1. ## Green's Theorem - where did I go wrong?

Let R be the region bounded by the curves:

$y=x^2-1$ and $y=-x^2+1$

Verify Green's Theorem in the plane for:

$\oint_{\partial R} (y^2+x)dx + (xy+1)dy=\int_{-1}^{1}\int_{x^2-1}^{-x^2+1}-ydydx$

$\int_{-1}^{1}-\frac{(-x^2+1)^2}{2}-(-\frac{(x^2-1)^2}{2})dx=\int_{-1}^{1}0dx$

Umm... not sure if I was supposed to end up here.
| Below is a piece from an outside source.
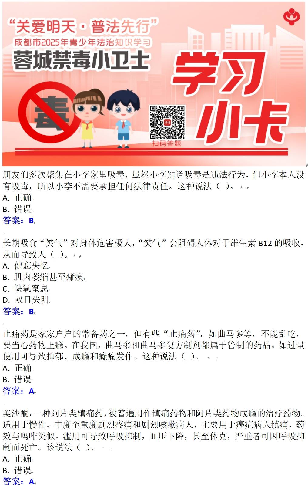 @禁毒小卫士,“每日学习卡”上线!助你轻松闯关,坚持到底!
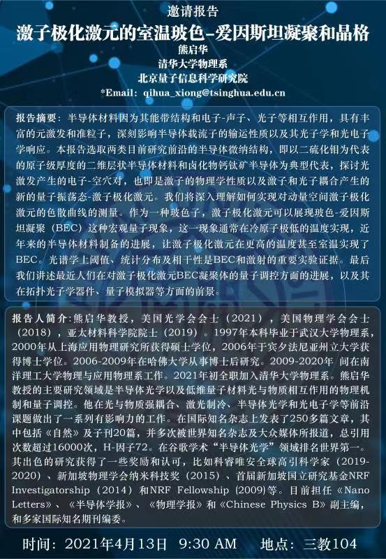 【学术报告】激子极化激元的室温玻色-爱因斯坦凝聚和晶格

2. Would this make more sense:

$\int_{-1}^{1}\int_{0}^{-x^2+1}-ydydx+\int_{-1}^{1}+\int_{x^2-1}^{0}-ydydx$

or just:

$2\int_{-1}^{1}\int_{0}^{-x^2+1}-ydydx$

3. Originally Posted by MathSucker
Let R be the region bounded by the curves:

$y=x^2-1$ and $y=-x^2+1$

Verify Green's Theorem in the plane for:

$\oint_{\partial R} (y^2+x)dx + (xy+1)dy=\int_{-1}^{1}\int_{x^2-1}^{-x^2+1}-ydydx$

$\int_{-1}^{1}-\frac{(-x^2+1)^2}{2}-(-\frac{(x^2-1)^2}{2})dx=\int_{-1}^{1}0dx$

Umm... not sure if I was supposed to end up here.

You are right !

$\frac{\partial Q}{\partial x} - \frac{ \partial P }{\partial y}$

$= y - 2y = -y$

since the path is closed , the line integral $= \int\int_D -ydydx$

the region is $x^2 - 1 \leq y \leq -x^2 + 1 , -1 \leq x \leq 1$

Consider $y-coordinate ~of~ the ~center~ of ~mass~ = \frac{\int\int_D ydydx }{ area ~ of ~the ~region }$

But we know the y-coordinate of the center of mass of the region is zero

so the integral is zero too !

4. When these questions ask you to "verify green's theorem." Is it enough to just run the two equations through $\oint_{\partial R} P \, dx + Q \, dy$ and say "the answer is zero."

Or does it require some kind of explanation?